Oil prices dropped in the United States on Monday 20 March 2017 as the growing concerns regarding oil output and high inventories rock the United States. The prices are dropping even though OPEC supported the extension of the six month deal to reduce output and investors worries continue to climb nationwide.

The production cuts are expected to continue into the second half of 2017, according to the Organisation of Petroleum Exporting Countries. Even with this, Benchmark Brent crude did increase, but soon dropped down again. This is a concern across the country for investors who are hoping for a positive outcome moving forward.

Over the past ten days there has been an increase followed by a quick decrease, a constant pattern which has emerged after speculators exited their positions with very high inventory figures.

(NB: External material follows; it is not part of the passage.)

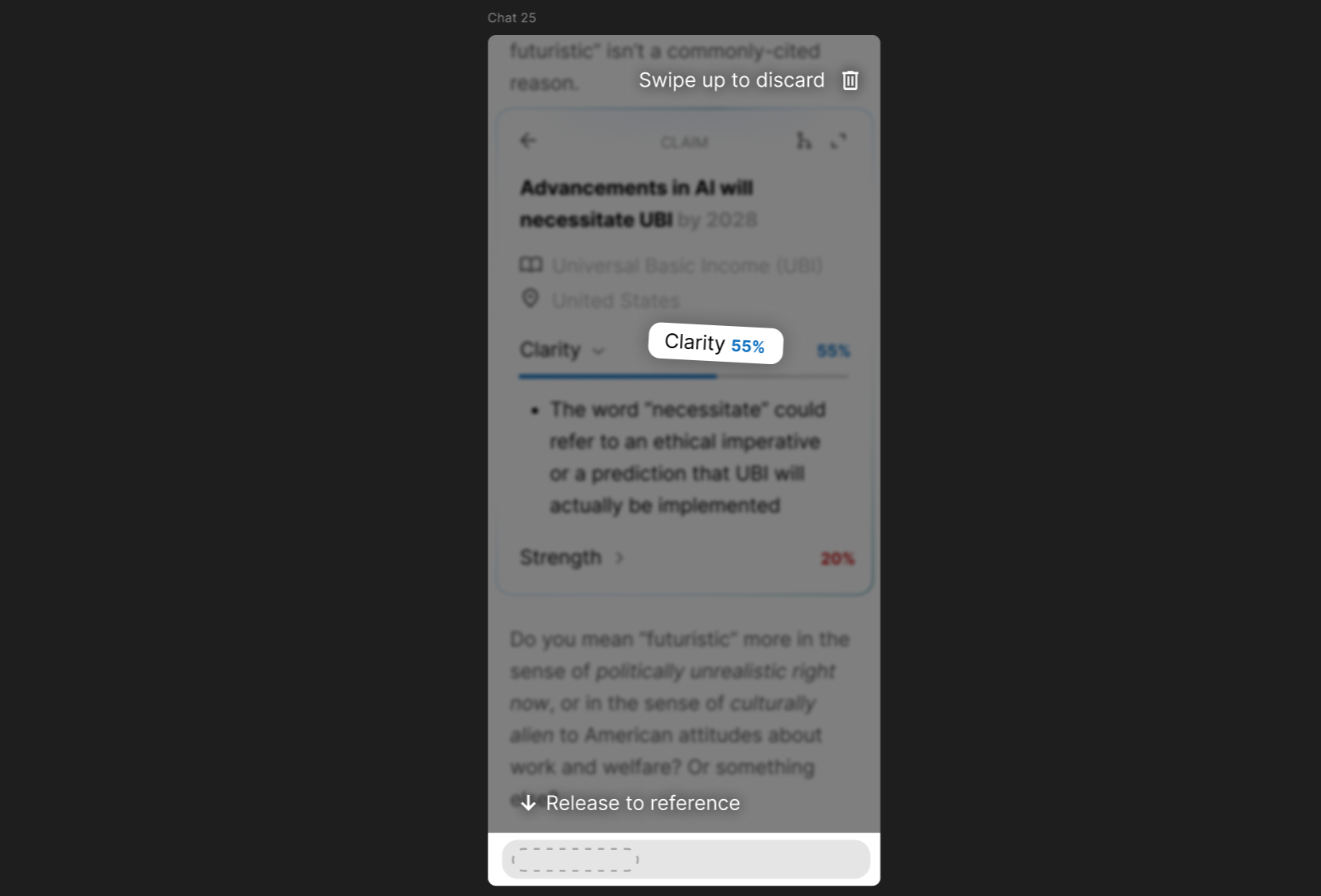 It should be possible to add most UI elements to the chat in order to ask questions about them or make claims about them. You could do this by dragging to the right on an element in order to “detach” it. Or perhaps you click and hold. On iOS you could hard press. Or you could use a toggle somewhere on the screen, perhaps under the input bar on the bottom right which, when enabled, revealed all the elements that can be dragged into the chat. In this case, it would toggle itself off again as soon as you grab something. It would be similar to the MIDI map mode in Ableton.
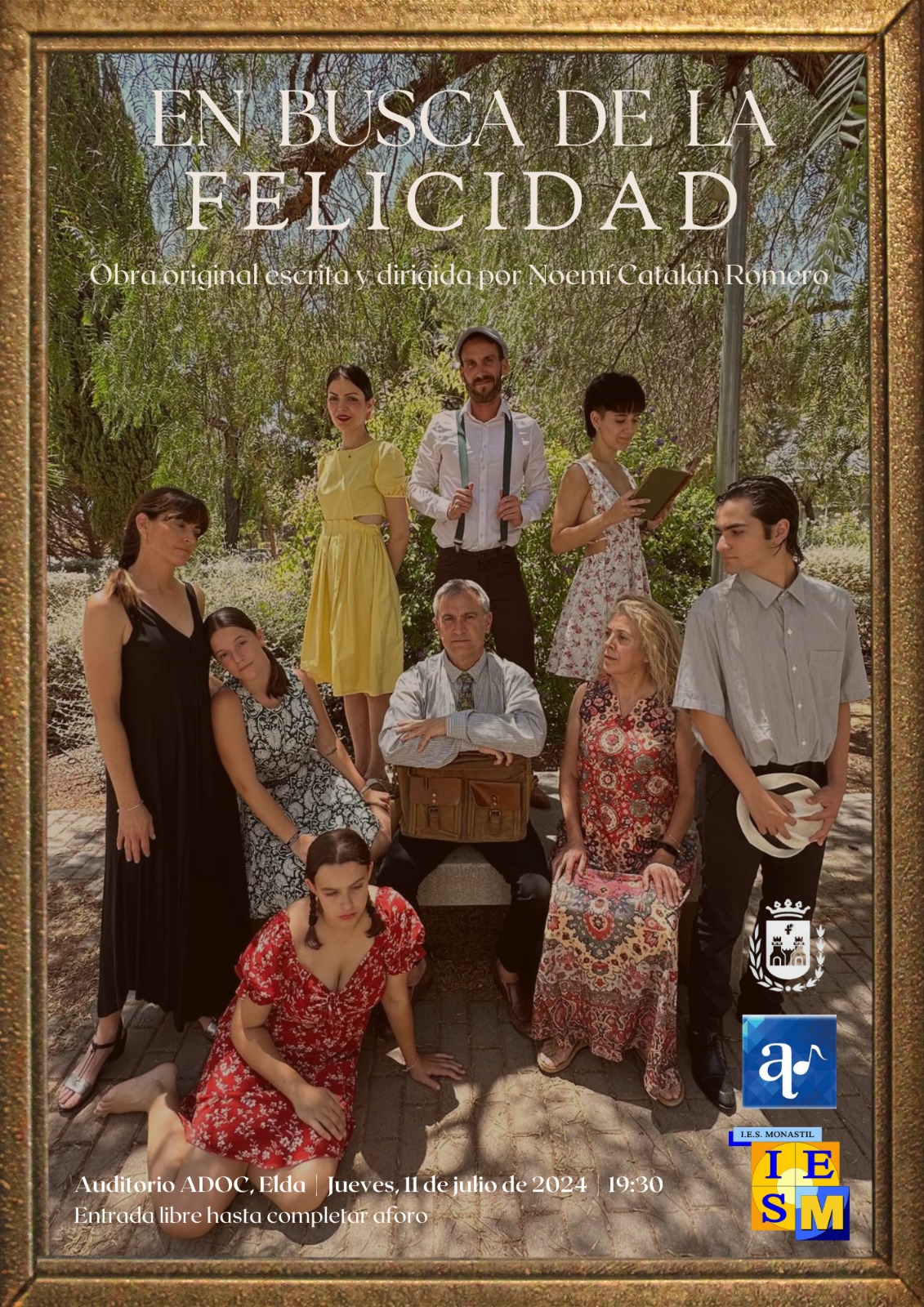 La comunidad educativa del IES Monastil representará la obra teatral ‘En busca de la felicidad’ el próximo jueves, 11 de julio, a las 19.30 horas en el Auditorio ADOC. “La obra supone un viaje por la emoción. Con trasfondo histórico es, sin duda, una pieza teatral singular, radicando parte de su peculiaridad en ser una obra original, escrita, dirigida e interpretada por alrededor de cincuenta miembros de la comunidad educativa del IES Monastil, sin experiencia artística: profesorado, alumnado, familiares. Personajes creados con pinceladas biográficas de cada uno de ellos”, ha explicado la guionista, directora y profesora, Noemí Catalán.

Crude has made a number of attempts to bounce back after the ten percent decline seen a week and a half ago, but the increases have been very short before it drops again.

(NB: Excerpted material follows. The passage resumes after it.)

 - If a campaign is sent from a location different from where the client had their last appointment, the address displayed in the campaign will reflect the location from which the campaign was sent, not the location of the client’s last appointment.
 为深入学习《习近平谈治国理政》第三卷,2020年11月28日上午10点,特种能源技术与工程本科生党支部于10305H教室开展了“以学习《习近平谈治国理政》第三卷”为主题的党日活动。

It’s the analysts that are saying that speculative investors are the ones that are going to continue reducing positions with US producers increasing drilling activities and keeping the industry optimistic about the future, but this is expected to change as OPEC continues to try and reduce supply on a national scale.

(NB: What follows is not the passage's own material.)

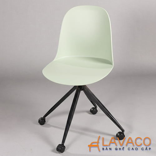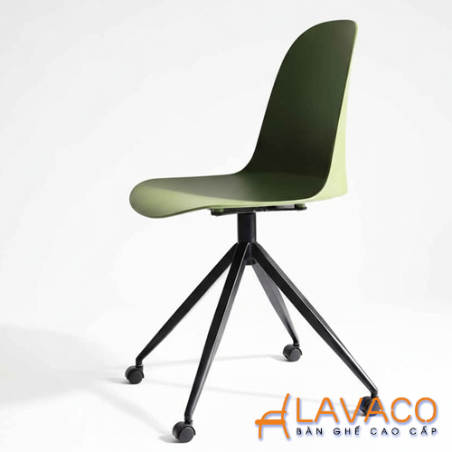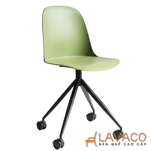 • Chất liệu: Lưng nhựa PP đúc, chân thép sơn tĩnh điện xoay tròn 360 độ, có bánh xe.
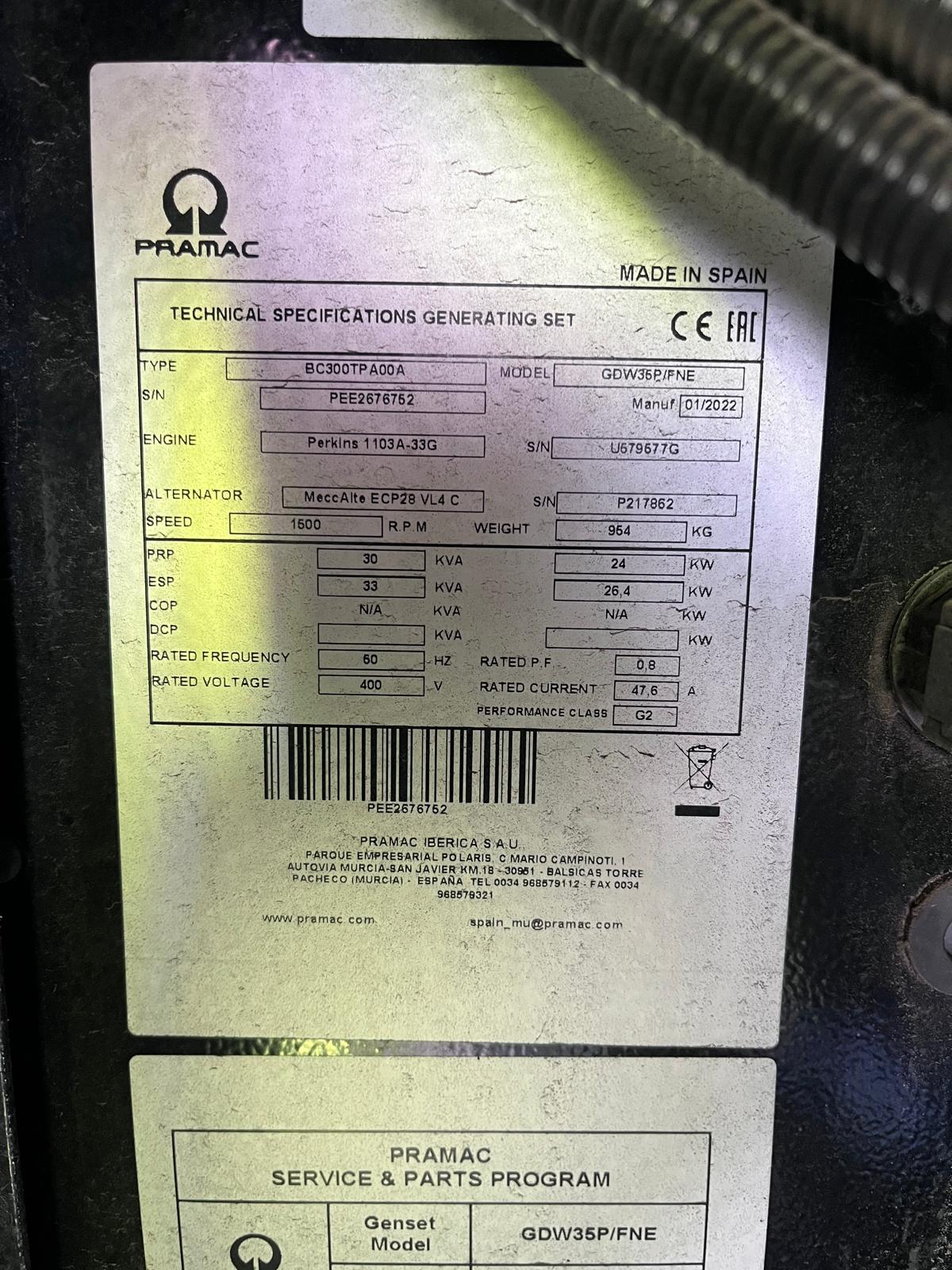 The Pramac GDW35P 30kVA Silenced Diesel Generator 2022 is an exceptional solution for delivering reliable and continuous power across a wide range of industrial and commercial applications. Whether used for prime power or as a dependable standby generator, this unit is engineered for optimal performance and long-term durability, making it an excellent choice for demanding environments like construction sites, events, and backup systems for critical infrastructure.

Again Capital in New York has advised that the oil is responding to the rise in rig counts and that the momentum is continuing to build on the downside based on the speculative interests in the oil market. This can be seen by the more than one hundred and fifty thousand contracts which were cut last week which relied on Brent and US oil prices becoming firmer. This is a new record.

US drilling data has confirmed that higher production should be expected as fourteen oil rigs were added making the total rigs six hundred and thirty one. This happened in the week up to 17 March 2017 and the most rigs in use since September 2015. This was confirmed by an energy services company, Baker Hughes.

The US West Texas Intermediate crude prices regained from their losses, but remained down by forty three cents offering a price of $48.35 per barrel, but Brent only dropped by nine cents a barrel to $51.67 per barrel. This was recorded at 11.53am EDT on Monday 20 March 2017.

The deal between the OPEC and other producers is concerned about their effectiveness as US production continues to rise. This could result in further decreases in pricing moving forward and production levels increasing as a result.

With the increase in non-OPEC supplies, analysts at JP Morgan were forced to make the decision to cuts their 2017 and 2018 pricing forecasts for Brent and West Texas Intermediate. The forecast included West Texas Intermediate dropping from $53.75 to $53.50 and Brent dropping from $55.75 to $55.30.

OPEC has basically dug themselves into a hole and this could result in them needing an extension. It could result in further increases as producers become more vigorous than the existing model that we have in front of us right now.

An OPEC kingpin in Saudi Arabia was working to the output cut pledges, yet official data has revealed that the crude exports had fallen by around three hundred thousand bpd in January 2017. This is a growing concern which must be monitored closely as prices continue to rise and fall as a result, which could lead to further cuts in the future.